Mindanao: un nouveau Centre pour une réponse plus rapide face aux risques explosifs

6 janvier 2026 /  Orlane Lagarde
Au sud des Philippines, l’île de Mindanao reste lourdement contaminée par des munitions non explosées ou abandonnées, héritage de décennies de conflit armé. Présents dans les champs, près des habitations ou sur les chemins empruntés par les enfants, ces engins représentent une menace permanente pour les communautés.

Jusqu’à récemment, beaucoup d’habitant·es hésitaient à signaler leur présence, par peur, par méfiance ou par manque d’information.

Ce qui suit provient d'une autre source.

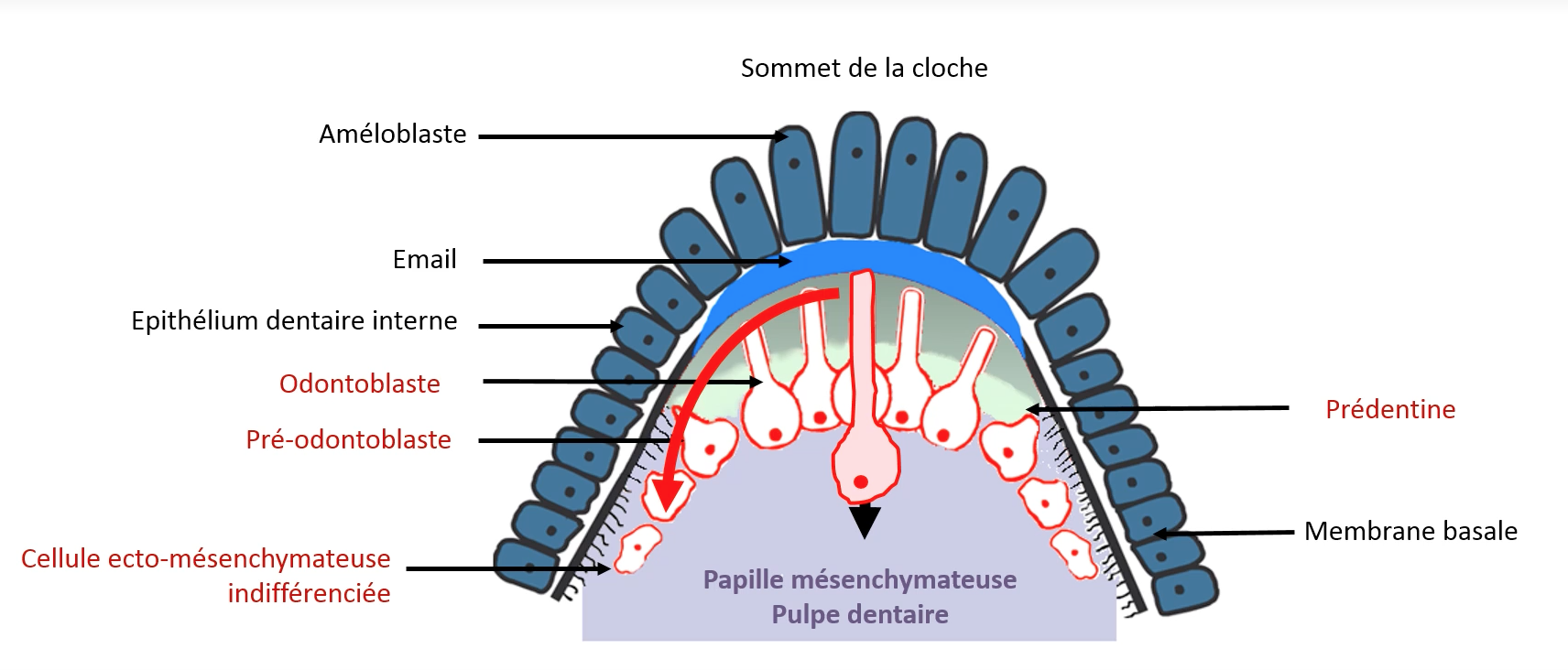 L'item B du QCM8 : "B) Les Odontoblastes sont plus différentiés en Apical qu’en Cervical" est compté faux, je n'arrive pas à comprendre pourquoi puisque comme montré sur le schéma, la prof dit que la différentiation commence au sommet et se dirige vers la zone cervicale. Peux-tu m'éclairer ?

Résultat: des munitions restaient sur place pendant des semaines, voire des mois, exposant les populations à des accidents graves — parfois mortels.

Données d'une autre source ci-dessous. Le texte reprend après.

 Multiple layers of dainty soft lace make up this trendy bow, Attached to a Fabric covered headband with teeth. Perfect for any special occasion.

Sans mesurer le danger de leurs gestes, certaines personnes récupèrent des munitions non explosées et les transforment en objets du quotidien, comme des cloches pour les écoles. 

Aujourd’hui, la situation a changé. Le 28 novembre 2025, un Centre opérationnel dédié à la gestion et à la réponse aux dangers explosifs a été inauguré à Mindanao. Créé en collaboration avec la FSD et les parties engagées dans le processus de paix, et réunissant police et armée philippines, ce centre permet désormais une réaction rapide, coordonnée et efficace face à toute alerte.

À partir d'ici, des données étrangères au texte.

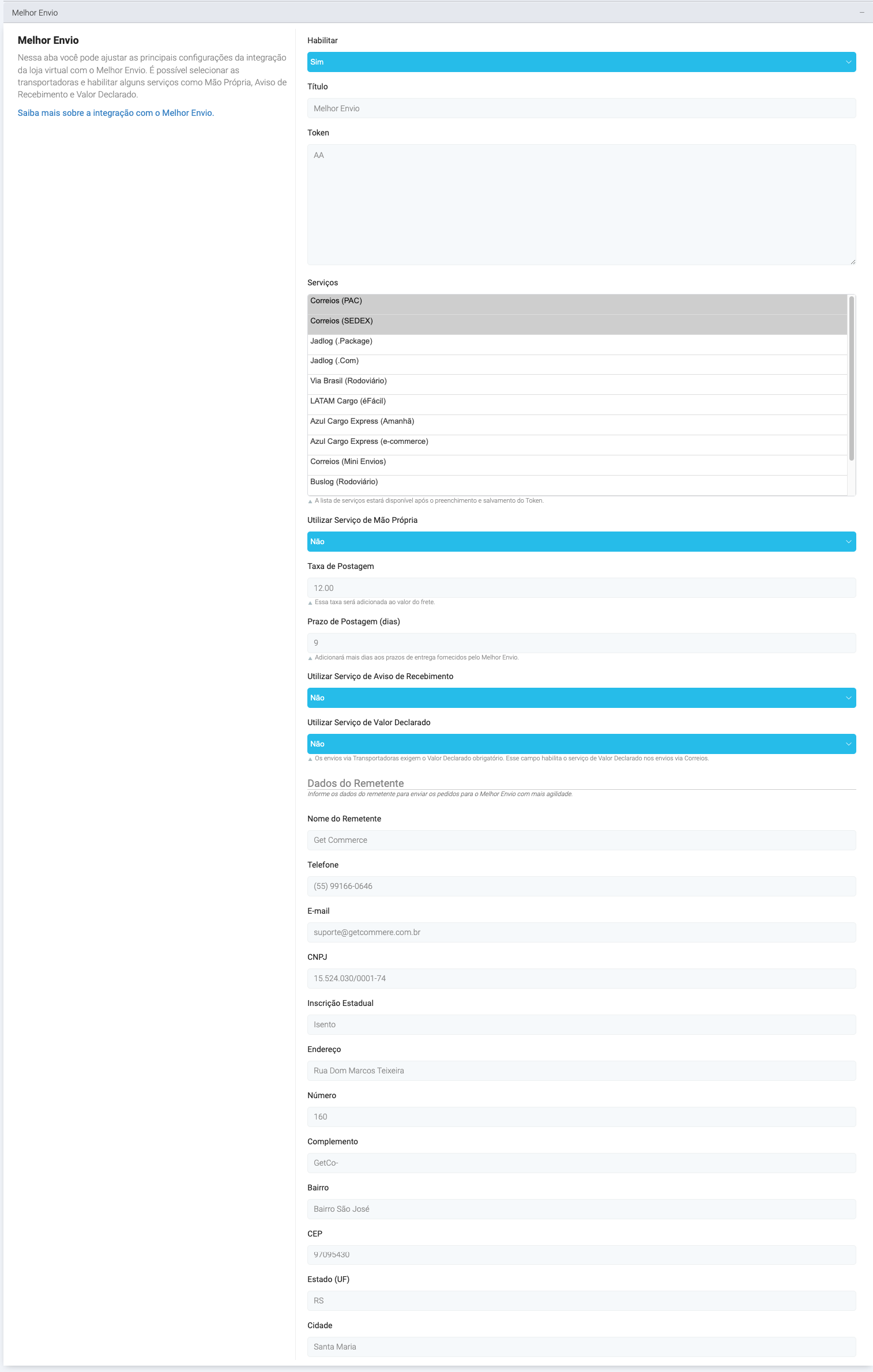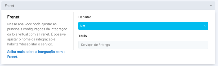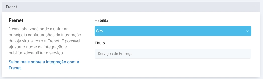 Nessa aba você pode habilitar a integração do Frenet com a Get Commerce.

« Avant l’existence du Centre, la découverte de munitions non explosées provoquait une peur paralysante et perturbait l’économie locale », explique Cristian Miko Lim, du Comité de coordination pour la cessation des hostilités. 

« Maintenant que le Centre est pleinement opérationnel, tout appel concernant un explosif suspect déclenche une intervention rapide dans un délai de 48 heures », explique l’officière de police Shahanie D. Les informations sont centralisées, les responsabilités clairement définies, et les équipes savent exactement comment agir pour prévenir les accidents. « Lorsqu’un appel concernant un engin explosif nous parvient, nous pouvons immédiatement rassembler toutes les informations nécessaires et coordonner la réponse depuis le Centre opérationnel », ajoute sa collègue Edna L.

La FSD a dispensé une formation de cinq jours au personnel du Centre, leur fournissant des conseils essentiels pour leur permettre d’agir plus rapidement et en toute sécurité en cas de découverte d’engins explosifs.

En parallèle, les équipes de la FSD poursuivent leurs efforts de sensibilisation pour apprendre aux habitant·es à reconnaître les engins dangereux, à s’en protéger, et encourager le signalement au Centre de tout engin suspect.

Au-delà de la réduction immédiate des risques, l’ouverture de ce Centre joue un rôle clé dans la consolidation de la paix. En réunissant autour d’un objectif commun des acteurs autrefois opposés, il contribue à rétablir la confiance entre les différentes parties au conflit. Cette coopération concrète, ancrée dans l’accord de paix, constitue une étape essentielle vers une sécurité durable pour les communautés et vers une paix qui se construit au quotidien.